Advertised as a "bar & grill, art & eat," U-topia brims with artistic and culinary flare. The wide-ranging international menu features such geographical specialties as gumbo soup, stir-fry vegetables, linguini with scallops, shrimp jambalaya, and lamb couscous. The massive bar is well stocked and the wine list is extensive. While patrons wait for their orders to arrive, they can sit back and enjoy the view. Created out of an old, gutted town house, the tall, narrow space is filled with vibrant artwork and dramatic designs that incorporate the structure's original building materials -- including large swatches of layered lime green and yellow house paint. Inspired by the trendy spots of New York and Paris, owner-artist Jamal Sahri originally planned to open U-topia as a cafe-gallery where he could display his artwork (those are his Picasso-esque paintings on the wall). While his concept expanded into a full-fledged restaurant and bar, Sahri still devotes the back dining area to monthly exhibitions by local artists. "Running a restaurant is kind of an art," he says of his pursuits these days.

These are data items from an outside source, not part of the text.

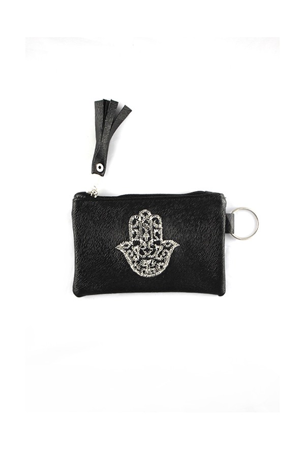 Pockets in black leather. Fatma hand logo, multiple use, wallet, jewelry case ...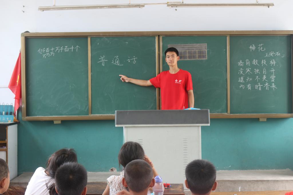 首先,调研团向孩子解释什么是普通话以及普通话发音的特点。先以王安石的《梅花》做朗诵示范,示范完毕后,鼓励孩子起来大声诵读,孩子踊跃表现。随后,成调研团带领孩子学习一些简单的绕口令,让孩子体会普通话的发音特点,起初孩子很难流畅的说出来,但是经过几次练习后,孩子对于绕口令的表达越发熟练。课堂上气氛活跃,调研团和孩子都乐在其中。最后,调研团专门挑选部分孩子作测试,发现他们的普通话水平较以前有着明显的提高。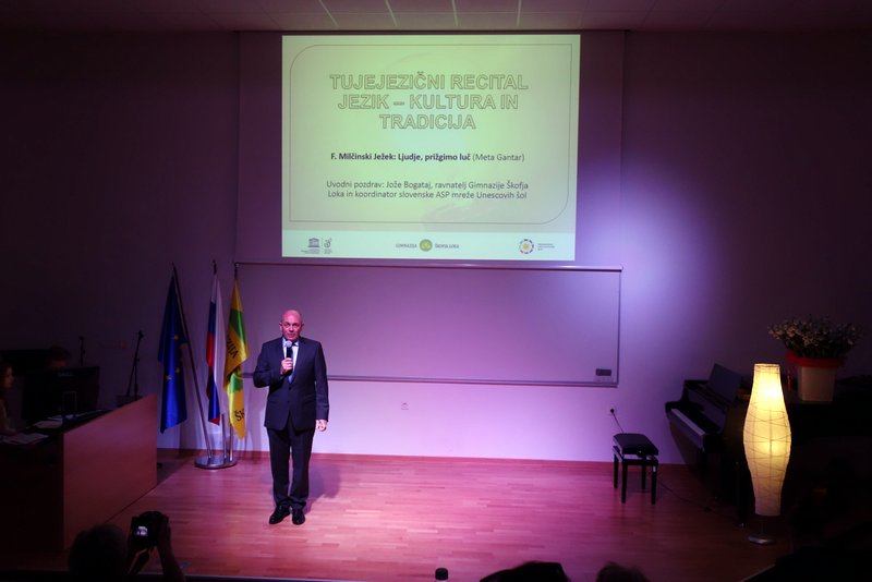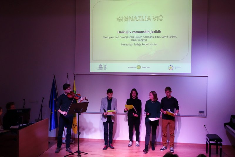 V petek, 6. novembra 2015, so naši dijaki Jon Galonja, Anamarija Sitar, Zala Gajser, David Kolšek in Oskar Longyka sodelovali na Unescovem Tujejezičnem recitalu Jezik – kultura in tradicija, ki ga že nekaj let kot nacionalni UNESCO projekt organizira Gimnazija Škofja Loka. Naši dijaki so sodelovali z odlično interpretacijo haikujev v romanskih jezikih, ki jim je dodatno življenje vdihnil strasten nastop violinista Oskarja Longyke.
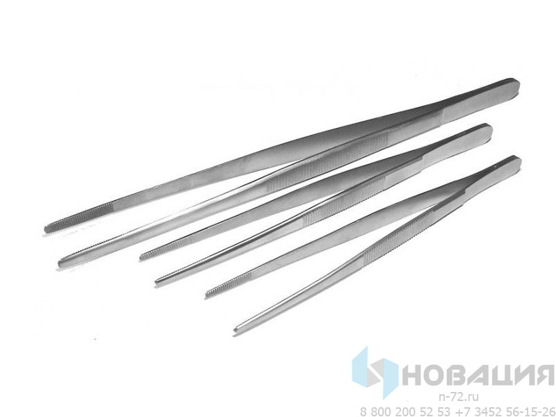 Ширина пинцетов варьируется, рабочая часть для пинцета длиной 200 мм — 2,5 мм шириной).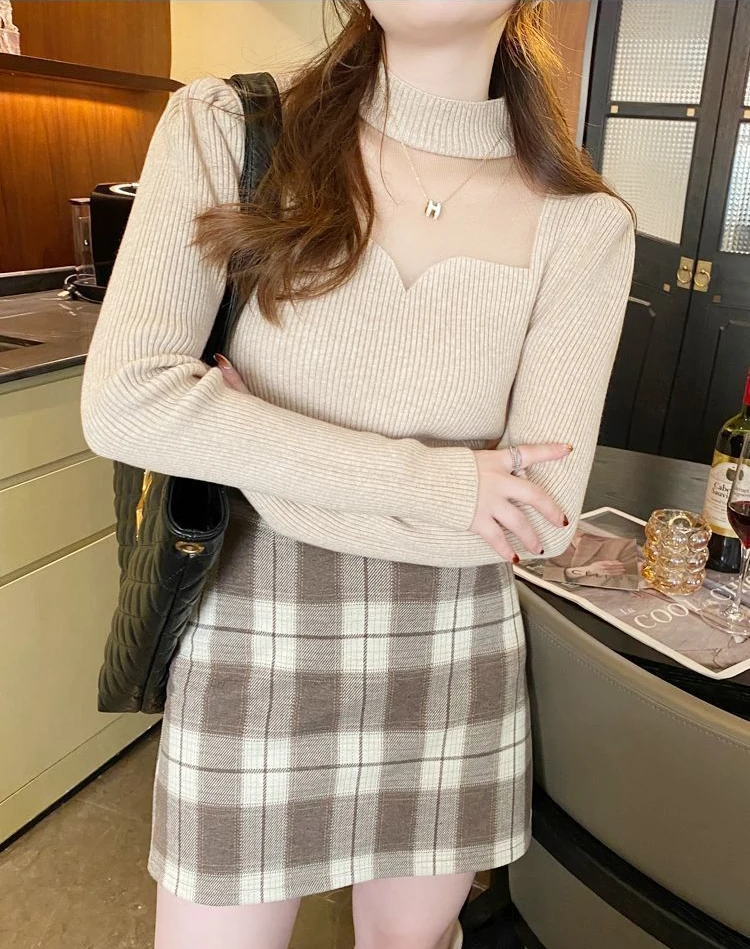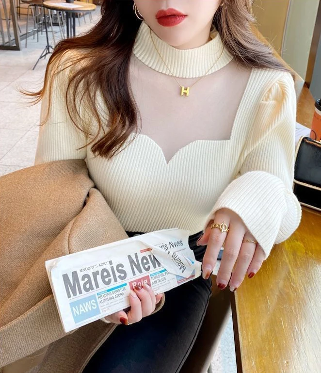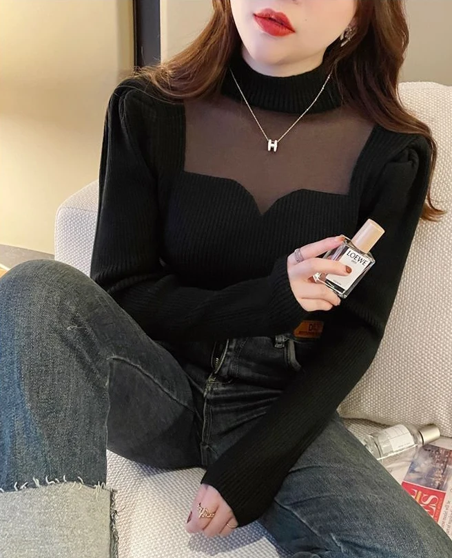 Bottom Shirt Design Ladies Niche Pullover Autumn Winter Inner Sweater Semi-turtleneck Sexy Stitching Top Sweater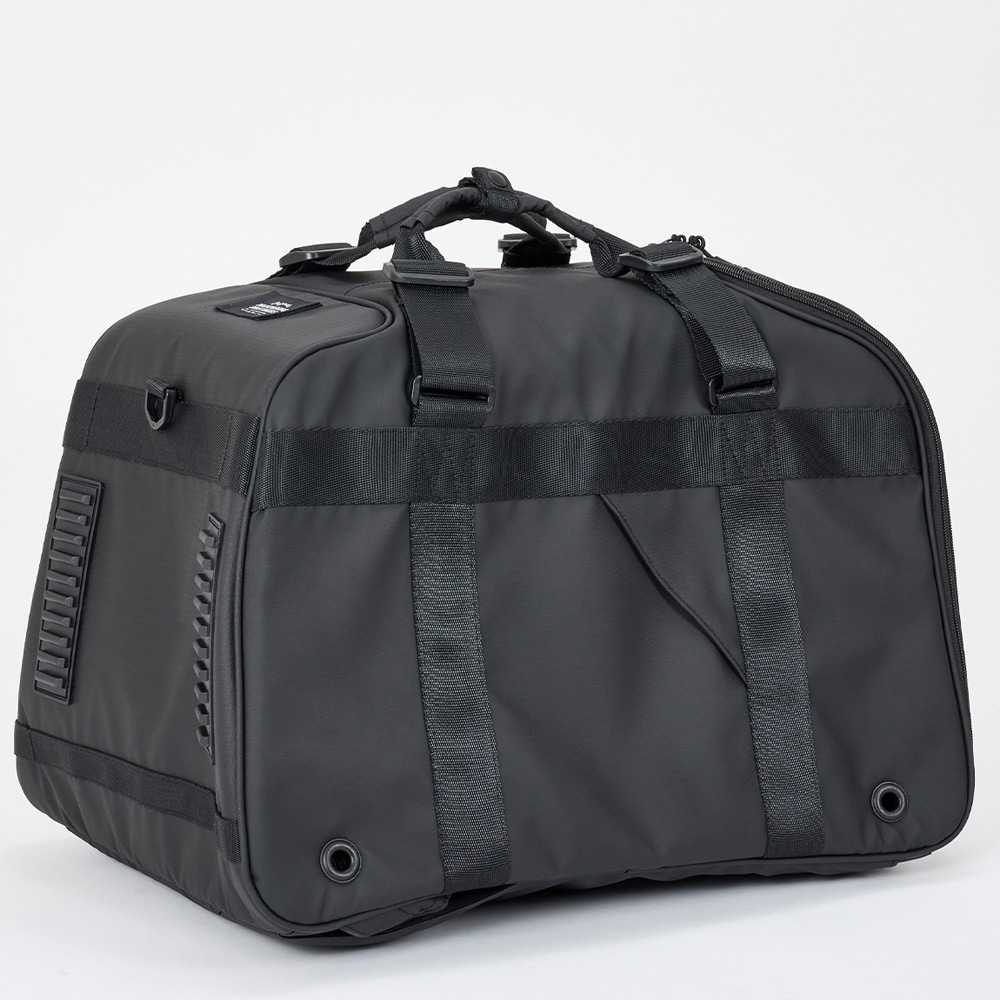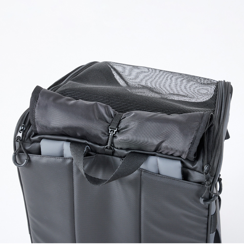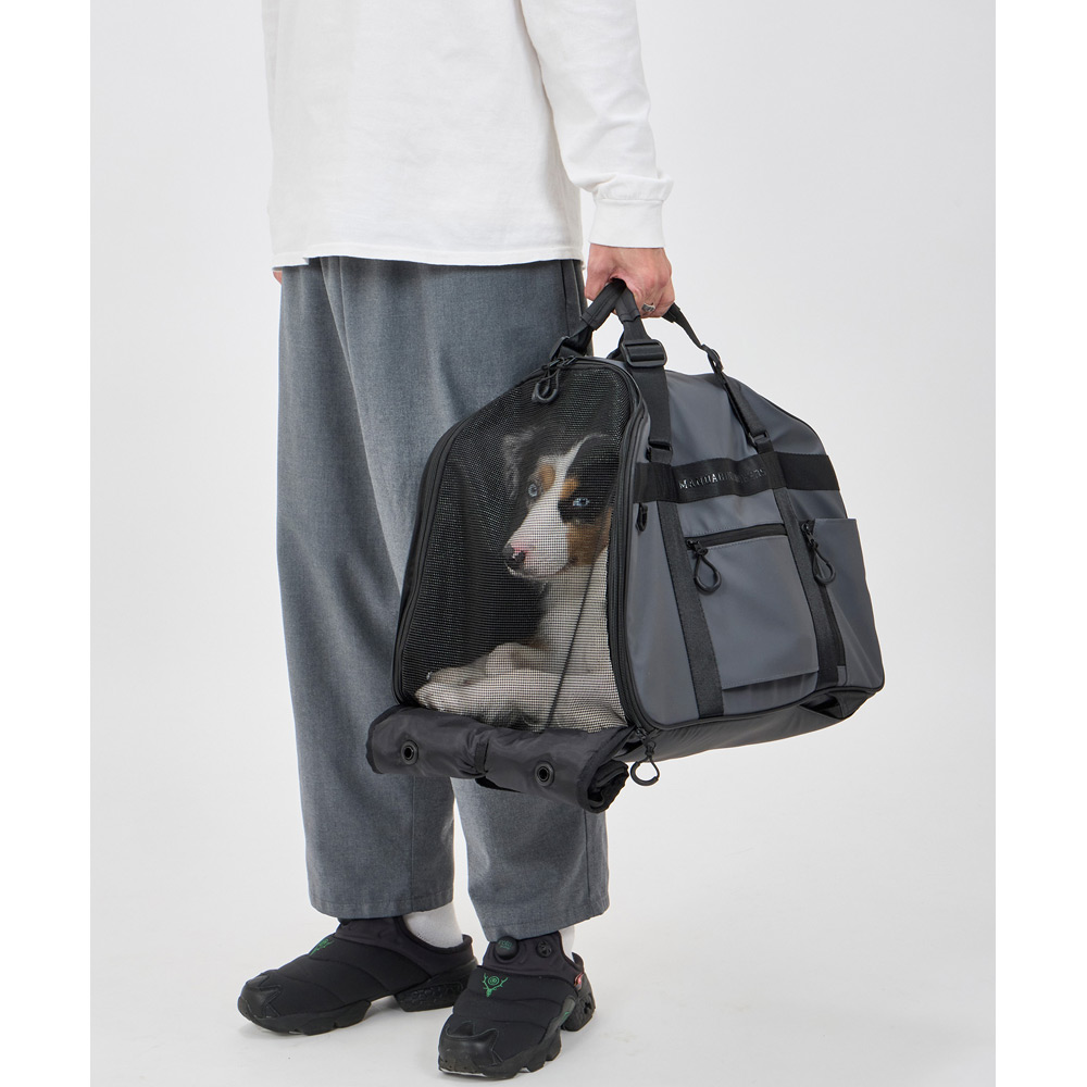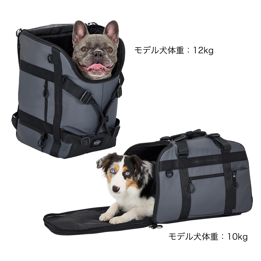便利な機能性も充実したスマートでスタイリッシュなマルチキャリーバッグ。横型、ショルダー掛け、ボストン持ち、縦型で前抱きスタイルバックパックとして使用可能。汚れの付きにくいコーティング生地でお手入れしやすい。大きなメッシュ窓で通気性に優れています。型崩れしにくいしっかり設計。裏地は抗菌防臭生地使用。飛び出し防止リード付き。汚れ防止の背面カバー(防水生地)が付属。バックパック用の肩ベルトは背面に収納可能。

Thursday nights pulse with the driving Brazilian beat of the Wayne Wilentz Trio. Patrons are encouraged to bring their own percussion instruments along and join in the jam. On the weekends it's advisable to arrive early if you hope to secure a table, as it gets crowded. Patrons standing by the bar can seem to hover over nearby tables. And if you are seated at a table, be prepared to wait a while for your order. U-topia attracts an eclectic crowd of sophisticated urbanites. Hip yet casual, they range in age from early twenties to late fifties; and come in all races, creeds and sexual orientations. "These are people looking for something a little different," Sahri observes.